Ungesund ist alles, was den Körper kurzfristig oder langfristig schadet. Im Grunde sind auch alle gesunden Lebensmittel im unverhältnissmäßigem Übermaß ungesund, da eine einseitige Ernährung nicht alle Nährstoffe liefern kann.

Ungesund sind alle Giftstoffe die den Körper schädigen können. Dazu zählen insbesondere künstliche Geschmacksverstärker, künstliche Konservierungsmittel, Pflanzenschutzmittel, Leichengifte, etc.

Ernährungsformen

Es existieren verschiedene Auffassungen darüber, was gesunde Ernährung ist. Jeder, der eine spezielle Ernährungsweise bewusst praktiziert, hält seine Form für die gesündeste. Richtig durchgeführt hat sicher jede Ernährungsform ihre Vorteile, das schließt auch die Ernährung mit den Leichenteilen von Tieren nicht aus. Auf den Ethischen Standpunkt wird unter Speziesismus oder auf anit-speziesismis eingegangen. Es gibt verschiedene Ernährungstypen die sehr interessant sind:

Fleisch und Gesundheit

Ein bisschen Fleisch ist sicherlich nicht völlig ungesund (zumindest nicht für den Konsumierenden). „Fleisch essen ist genauso gut und Gesund wie Salat essen“ - ist eine vielfach von omnivoren Menschen angebrachte Aussage - und sie haben recht. Ein mageres Stück aus der Seite einer Kuh die bei einem Biobauern das ganze Jahr auf der Wiese stand ist sicher genau so „gesund“ oder sogar etwas „gesünder“ wie ein mit Pestiziden und Düngemittel verseuchter Salatkopf. Warum? Weil auch diese Kuh Medikamente erhält. Nicht so viele wie bei der herkömmlichen „Fleischprodkuktion“, aber auch. Sie wird auch ermordet und es geraten Stresshormone in die Zellen die das Fleisch verderben - und mal im Ernst, wer würde keine Stresshormone produzieren wenn er zur Schlachtbank getrieben wird? Nach dem Tod eines Tieres zersetzen Leichengifte den Körper. Dieser Prozess wird mit künstlichen Mitteln gestoppt - ist nur die Frage, ob die Leichengifte nicht gesünder wären als die Chemie.

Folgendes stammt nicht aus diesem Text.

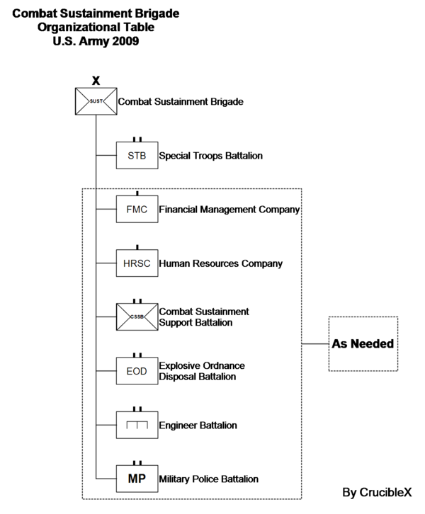 Бригады поддержки (Sustainment Brigade) — включают в себя батальоны специальных войск (Special Troops Battalion), материально-технического обеспечения (Combat Sustainment Support Battalion), инженеров, военной полиции, обезвреживания взрывоопасных предметов, роты человеческих ресурсов, финансового управления.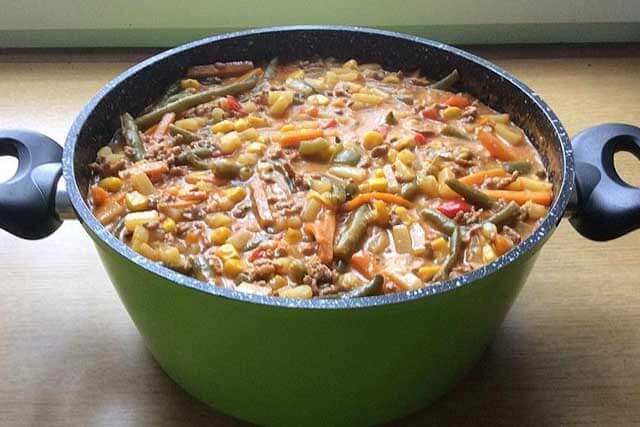 2. Das Öl in einem Suppentopf erhitzen, Hackfleisch darin anbraten. Danach die Zwiebel und Knoblauch dazugeben, würzen, mit Tomatenmark verrühren und mit der Brühe angießen. Dann das gewürfelte Gemüse, die Bohnen und den Mais dazugeben. Einmal umrühren, zugedeckt auf niedriger Stufe ca. 35 Min köcheln lassen.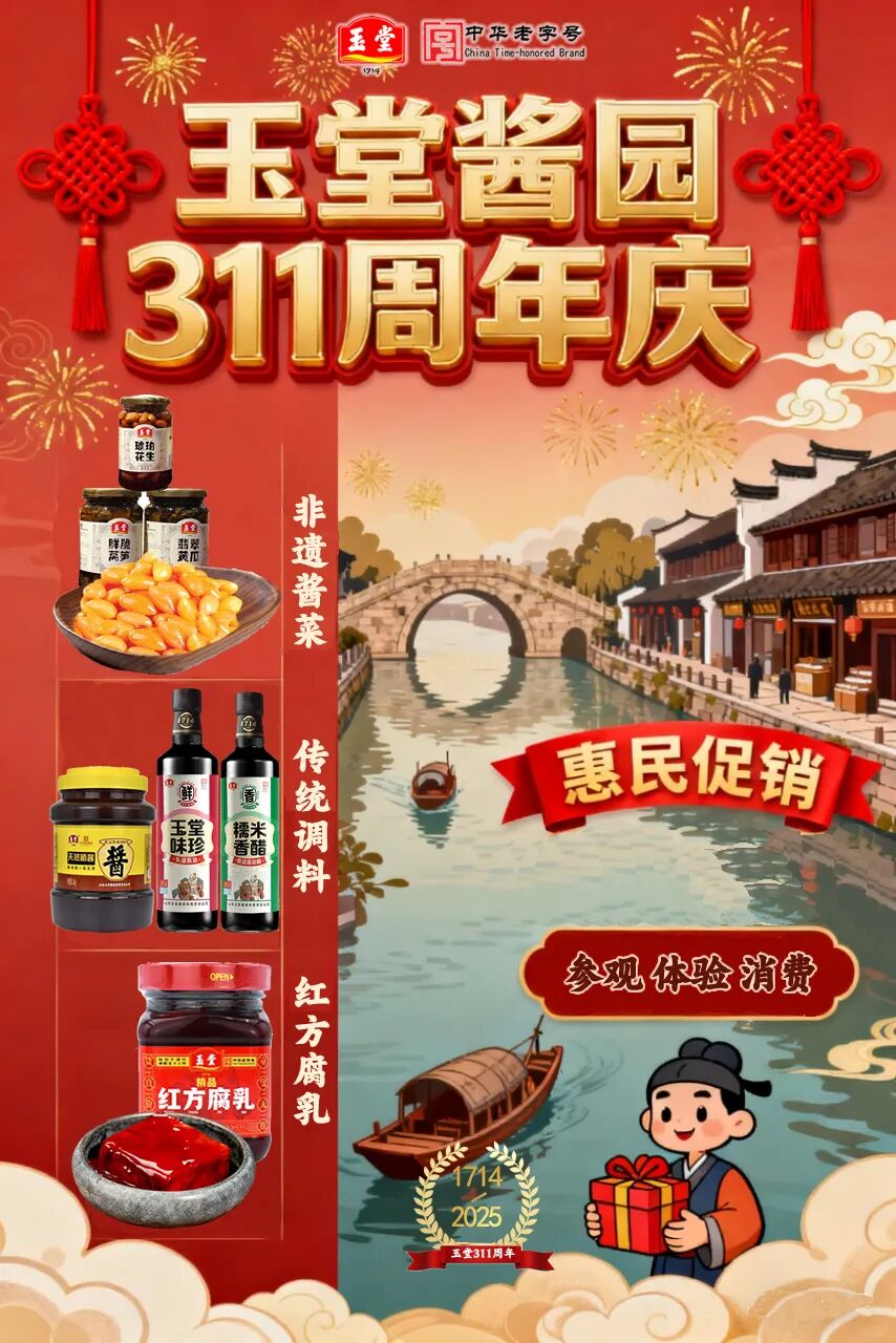 从1714年京杭大运河畔的三间酱菜铺,到如今载誉无数的中华老字号,玉堂酱园携三百年风华如约而至,311周年庆暨惠民促销活动即将在11月7日开启。这份跨越三个世纪的匠心味道,将以最实在的福利回馈每一位顾客的厚爱 。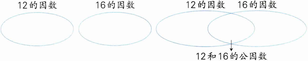 (此处为三个椭圆图,第三个椭圆图两部分分别为12的因数、16的因数,中间相交部分标注12和16的公因数)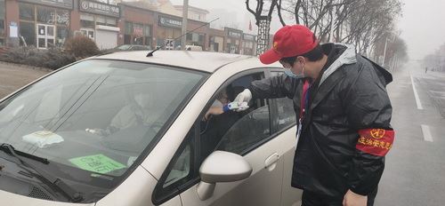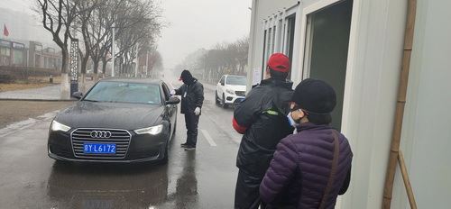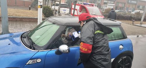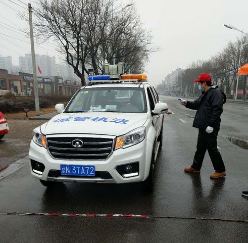 走访期间分别见到警务部门、城管部门车辆经过,志愿者也是逐一检查出入证、测体温、消毒才放行。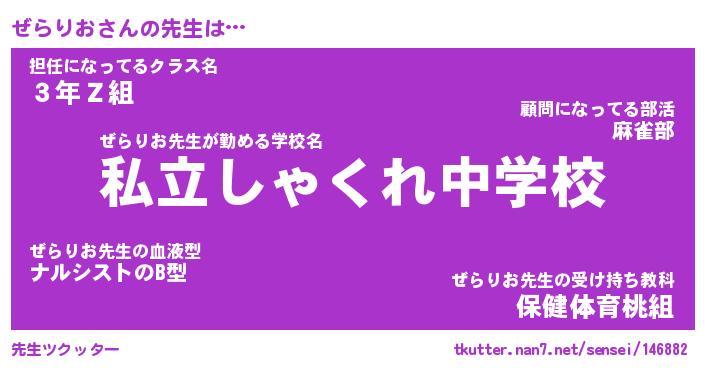 | 意味不明あだ名 | 『ペロリンぜらりお』『永久保存ぜらりお』 |

Fleisch besitzt, wenn es erst einmal bis zu einem Teller geschafft hat, kaum noch für den Menschen wichtige Nährstoffe, dafür aber jede Menge gifte und chemie. Nahezu alle Nährstoffe werden bei der Zubereitung von Fleisch zerstört. Um Bakterien und Keime abzutöten, muss das tierische Gewebe stark erhitzt werden. Dies übersteht kaum ein Vitamin. Fleisch enthält kaum natürliche Vitamine und weniger ungesättigte Fettsäuren als in Obst, Gemüse, Getreide, Samen und Nüssen zu finden. Mehr Infos über Vitamine wie z. B. das B12 usw findest du unter Ernährung.

Die Überfettung und Entwicklung der meisten Zivilisationskrankheiten steht mit übermäßigem Fleischkonsum, zu viel ungesundem Fett und FastFood in Verbindung.

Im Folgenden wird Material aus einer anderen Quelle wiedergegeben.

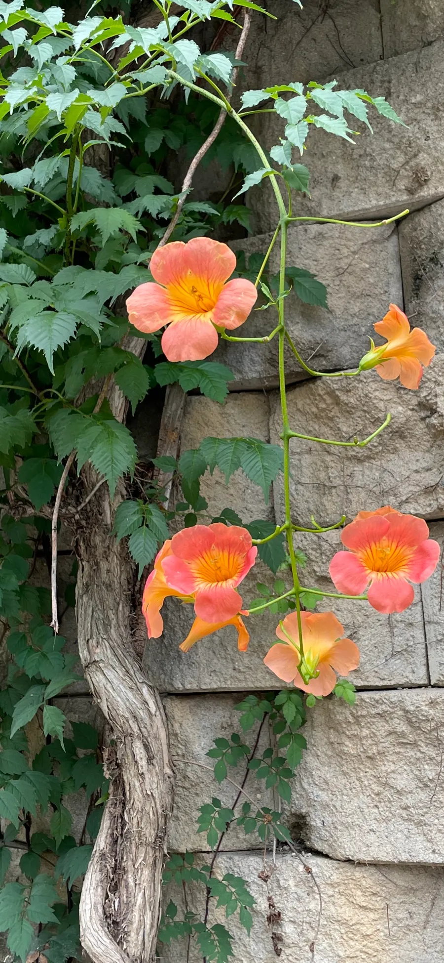 The trumpet creeper by the roadside that became the model for this painting…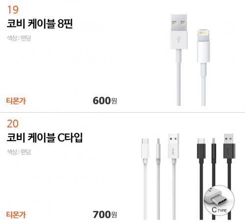 치대는 100원,700원,1500원까지 있으며 케이블은 600원,700원,1500원까지 있습니다. 추가로 네이버 9프로 쿠폰 적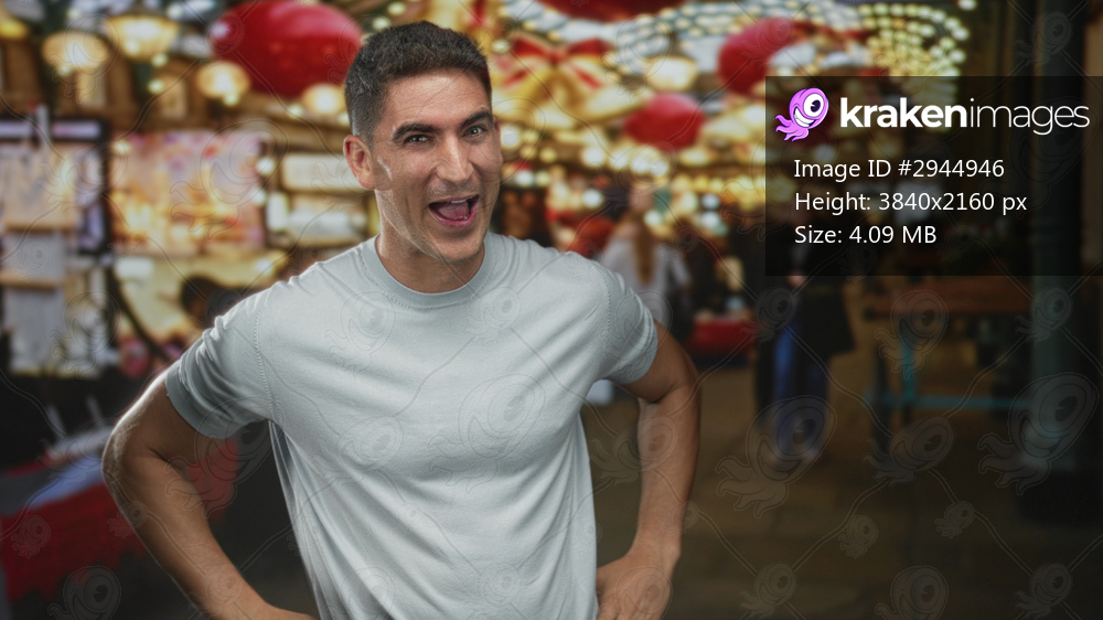 Man smiling with open mouth and hands on stomach in street market with hanging lights and souvenir stalls; joy.

Vegetarismus und Gesundheit

Viele fortschrittliche Ärzte glauben, die auf Bioprodukte aufgebaute vegetarische Ernährung wäre die gesündeste überhaupt. Wie gesund die vegane Ernährung ist, hängt sehr davon ab, wie man sich vegan ernährt.

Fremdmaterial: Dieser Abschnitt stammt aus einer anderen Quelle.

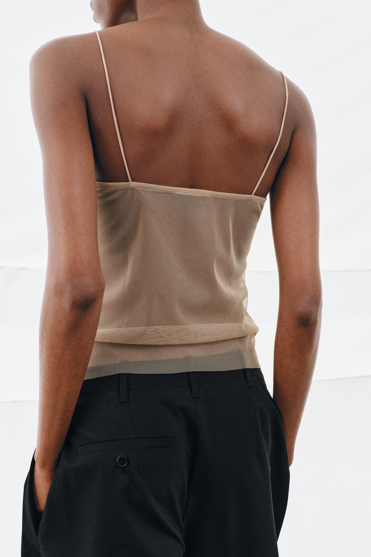 Топ с прямым вырезом и тонкими бретелями. Декорирован бусинами и пайетками.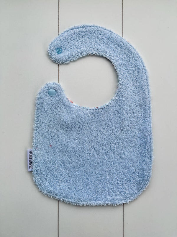 Slabbetje uit katoen, met badstof of wafelstof als achterkant. Het slabbetje kan langs beide kanten gedragen worden.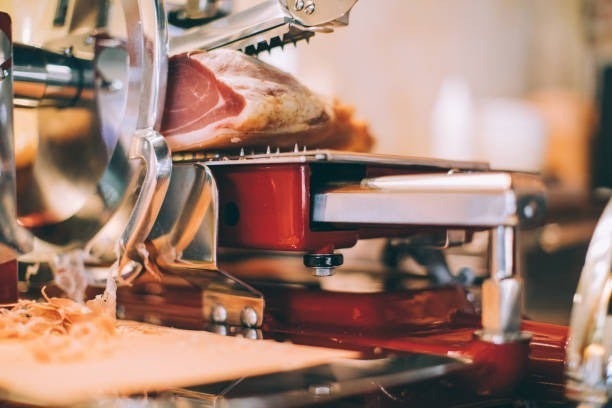 手動のスライサーで一枚一枚丁寧にスライスした生ハムは、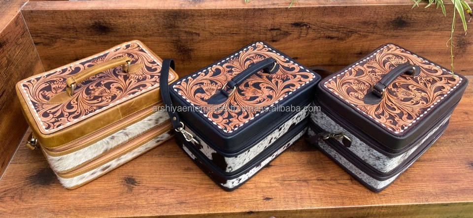 New Wholesale Hand Tooled Cow Leather Double Decker Jewelry Cases for Women Crossbody Strap Travel Jewelry Storage Organizer Box

Es ist klar, dass man sich auch nicht-vegan, aber gesund ernähren kann (und das bestimmt auch viel einfacher), die Gesundheit muss jedoch kaum ein Argument für den Veganismus sein, sondern lediglich eine notwendige Bedingung.

Nahrungsergänzung

Auch für Veganer ist es wichtig, seinem Körper eine rundum durchsorgte Ernährung zu zuführen. Viele Stoffe, wie Eiweiß sind in Veganerfreundlichen Produkten weniger enthalten. Als Lösung bieten sich biologische Nahrungsergänzungsmittel an. Diese bestehen meist auf der Basis von Algen, wie Spirulina oder Chlorella (http://www.spirulina-handel.de/Chlorella-Vorteile-im-Ueberblick:_:28.html).

Vegan und Gesundheit

Für einen ethisch motivierten Veganer ist die Frage entscheidend, ob man sich vegan und gesund ernähren kann, nicht ob Veganismus die gesündeste Ernährungsform ist. Es ist tatsächlich manchmal etwas schwierig, die ganzen theoretischen Erkenntnisse mit der Praxis im Alltag zu verbinden, und wenn's dann auch noch vegan sein soll und man vielleicht noch viel unterwegs ist oder in der Prüfungszeit usw. Allerdings hat auch gesunde Ernährung viel mit Gewohnheiten zu tun, und wenn man erstmal wieder einen gewissen Rhythmus gefunden hat, ist auch vegane gesunde Ernährung durchaus ohne allzu großen Aufwand möglich.

Freude am Essen

Es ist wichtig, dass das Essen Spaß macht. Wer sich täglich mit mühe und Not sein Vollkornbrot reinzwängt, wird trotz allem gesunden Essen nicht gesund sein. Zu einer gesunden Ernährung gehört Abwechslung, liebevolle Zubereitung, ein angenehmes Ambiente, am besten noch jemand zum Erzählen, gute Musik… das ist nun wirklich nicht davon abhängig, ob das Essen vegan ist oder nicht. Das bewusste Essen macht sicher mehr Spaß, erst Recht, wenn es im Einklang mit den eigenen ethischen Vorstellungen steht.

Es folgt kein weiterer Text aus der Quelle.